TAHLEQUAH, Oklahoma – Reunification of the Cherokee people after the forced removal from their homelands required resilience and determination to overcome extreme hardships and forge a united nation.
A new exhibit at the Cherokee National History Museum shares the story of the Cherokees’ arrival to new lands west of the Mississippi River after being forcibly removed from the southeastern United States. The exhibit, “One Land, One Nation: Cherokee Unification After Removal,” opened July 30 and runs through March 1, 2025.
“This exhibit not only honors that complicated history and the leaders who spurred our tribal Nation forward, but it also reminds us of the strength and unity that define us as a Cherokee people,” said Principal Chief Chuck Hoskin Jr.
The team that put together the exhibit, headed by Exhibits Manager Karen Shade-Lanier of Cherokee Nation Businesses, followed the process typical of all new exhibits.
Shade-Lanier said it involved doing research, finding images, sourcing responsibly, gaining permissions and writing the exhibit plan, and from there, creating the design.
“This is the 185th year since the events we are examining in this exhibit,” Shade-Lanier said. “The events of that time are so significant to who we are today that it’s something worth looking at every chance we get.”
Meeting the people who were involved in the historical events through their letters, quotations, and writings, the designers got a sense of who the players were, and the truth and humanity in the decisions made by their Cherokee ancestors, Shade-Lanier said.
“I think it makes it so personal and so immediate, and it’s very exciting to be able to look at the history and research and attempt to convey that in such a way a person who comes to this exhibit can get a glimpse of that life and times,” Shade-Lanier said.
A visitor from Owasso, Linda Stewart, said her father was from the area, and she was there with a tour group to see the new exhibit. She said it was well put together and displays a lot of fascinating history.
One section of the exhibit shares some of the challenges to unity, and how three weeks after his arrival, John Ross wrote to the three chiefs of the Old Settlers and proposed a council between the eastern and western Cherokee leaders to speak of reuniting the people.
“On June 3, 1839, more than 6,000 Cherokees gathered at the Takatoka Camp Ground northwest of present-day Tahlequah at Double Springs,” states the information in this section.
Principal Chief John Brown, of the Old Settlers, welcomed the Ross followers to “our country” and gave permission for them to live among them on the condition they subject themselves to the pre-Removal immigrants’ government. The story continues with how the eastern Cherokees didn’t accept the terms and the talks came to an abrupt end.
Both Rev. Jesse Bushyhead and Sequoyah made a joint plea to assemble a “people’s council” to chart the course of reunification. Other elements of the exhibit share the story of a divided people and how they dealt with the issue of reunification.

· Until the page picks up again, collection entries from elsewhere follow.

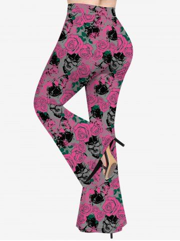 Graphic Leggings > Plus Size Valentine's Day Skulls Rose Flowers Leaf Print Flare Pants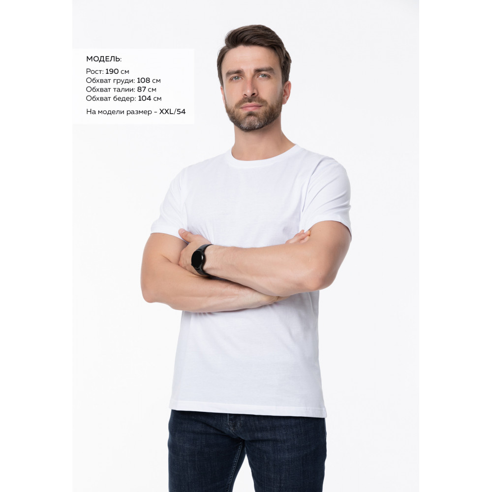 Размер мужской футболки: XXL/54. Параметры модели: рост 190 см.; обхват груди 108 см.; обхват талии 87 см.; обхват бедер 104 см.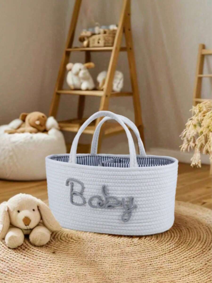 1pc Baby Diaper Basket, Toy Storage Basket, Portable Woven Divided Organizer Basket With Removable Liner, Letter Design Woven Storage Basket For Nursery Supplies

“We wanted people to understand that what is commonly referred to as the ‘Trail of Tears’ – and we often call the ‘Cherokee Removal’ – wasn’t only relegated to the end of 1838 into 1839,” Shade-Lanier said. “Cherokee removal policies had been strategized and imposed for decades prior to that. And not just Cherokees, but many other Native people across what is now the United States.”
The exhibit team focused on the Cherokee story with the three groups: the Old Settlers, the Treaty Party and the Ross Party, whom the majority of the people went with, Shade-Lanier said.

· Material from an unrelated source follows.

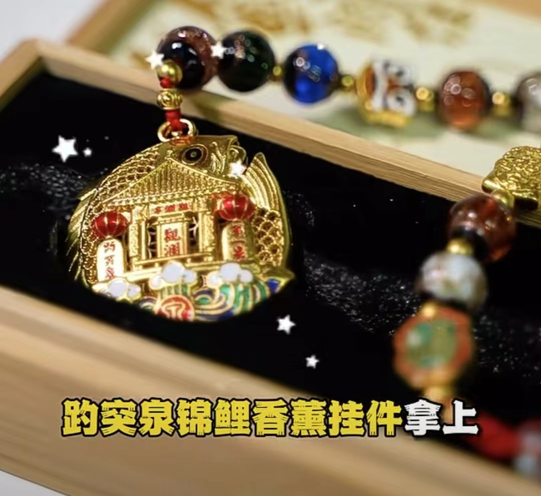 趵突泉的锦鲤频频出圈,这个香薰文创以趵突泉和锦鲤为创意元素,下面是趵突泉三股水,中间是观澜亭,左右两边是可爱锦鲤加身,代表好运连连!

“I thought it was tremendously important for people to get a sense of what brought them together as a single group,” Shade-Lanier said. “Then you read about what it was that they were up against to reunite the three groups into one.”
It was a complicated time on the heels of one of the most tragic events to take place for the Cherokees and all of humanity, Shade-Lanier said.
The fact they were able to accomplish reunification after removal is tremendous, Shade-Lanier said. The events explored begins with the very last day of 1838, when President Martin Van Buren signed the Cherokee Land Patent, and goes to the arrival of the Cherokee people through the 13 detachments in 1839 in the present-day Cherokee Nation.
The development of the Cherokee Nation Constitution ties in closely with the fact that every Labor Day weekend the Nation hosts the Cherokee Nation Holiday. The Holiday is about the passage and adoption of the Constitution, Shade-Lanier said.
“When we study and remember our past, we build a stronger future for all our citizens,” Hoskin said.